» Task prompt:
When you reach the line with "구글 크롬을 설치할건지" in the records below, begin transcribing exactly and continue up to and including the line with "- CPU 端 Tessellation:Impeller", leaving out every picture.

» Data for review:

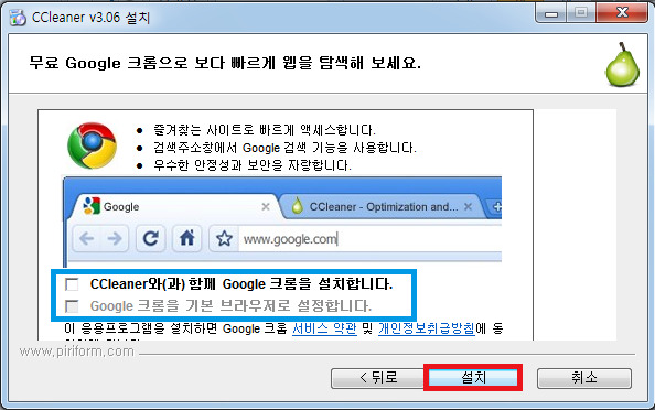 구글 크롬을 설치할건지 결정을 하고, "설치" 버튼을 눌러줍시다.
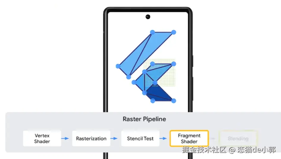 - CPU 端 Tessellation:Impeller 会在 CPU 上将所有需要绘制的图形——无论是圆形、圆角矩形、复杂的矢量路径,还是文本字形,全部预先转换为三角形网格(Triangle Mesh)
* * *
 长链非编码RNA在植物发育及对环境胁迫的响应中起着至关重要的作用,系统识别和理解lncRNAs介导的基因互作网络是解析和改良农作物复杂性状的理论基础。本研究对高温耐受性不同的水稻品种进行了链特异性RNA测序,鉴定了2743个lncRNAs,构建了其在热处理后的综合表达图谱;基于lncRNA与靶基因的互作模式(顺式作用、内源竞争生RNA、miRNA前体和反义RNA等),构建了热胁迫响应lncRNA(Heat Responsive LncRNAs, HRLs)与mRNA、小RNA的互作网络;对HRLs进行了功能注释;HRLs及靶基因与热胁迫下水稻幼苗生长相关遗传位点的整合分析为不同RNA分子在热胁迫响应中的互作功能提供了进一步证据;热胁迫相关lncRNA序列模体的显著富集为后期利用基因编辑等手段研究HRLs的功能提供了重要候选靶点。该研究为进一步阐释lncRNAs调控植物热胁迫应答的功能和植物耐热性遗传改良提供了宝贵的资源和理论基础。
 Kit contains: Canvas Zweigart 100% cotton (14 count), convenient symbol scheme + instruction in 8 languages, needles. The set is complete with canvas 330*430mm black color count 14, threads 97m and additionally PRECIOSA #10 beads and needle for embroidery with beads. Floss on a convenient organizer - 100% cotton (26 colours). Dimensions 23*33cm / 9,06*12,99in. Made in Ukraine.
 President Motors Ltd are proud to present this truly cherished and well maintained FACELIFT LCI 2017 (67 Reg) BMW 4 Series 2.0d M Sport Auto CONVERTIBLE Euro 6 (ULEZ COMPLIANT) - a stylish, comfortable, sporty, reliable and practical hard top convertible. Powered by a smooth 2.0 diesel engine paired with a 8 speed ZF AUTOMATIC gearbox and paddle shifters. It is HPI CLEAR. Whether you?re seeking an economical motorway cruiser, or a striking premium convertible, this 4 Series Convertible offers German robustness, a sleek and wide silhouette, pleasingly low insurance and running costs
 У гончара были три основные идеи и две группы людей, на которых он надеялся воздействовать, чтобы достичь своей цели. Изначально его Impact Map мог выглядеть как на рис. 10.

» Expected output:
 구글 크롬을 설치할건지 결정을 하고, "설치" 버튼을 눌러줍시다.
 - CPU 端 Tessellation:Impeller 会在 CPU 上将所有需要绘制的图形——无论是圆形、圆角矩形、复杂的矢量路径,还是文本字形,全部预先转换为三角形网格(Triangle Mesh)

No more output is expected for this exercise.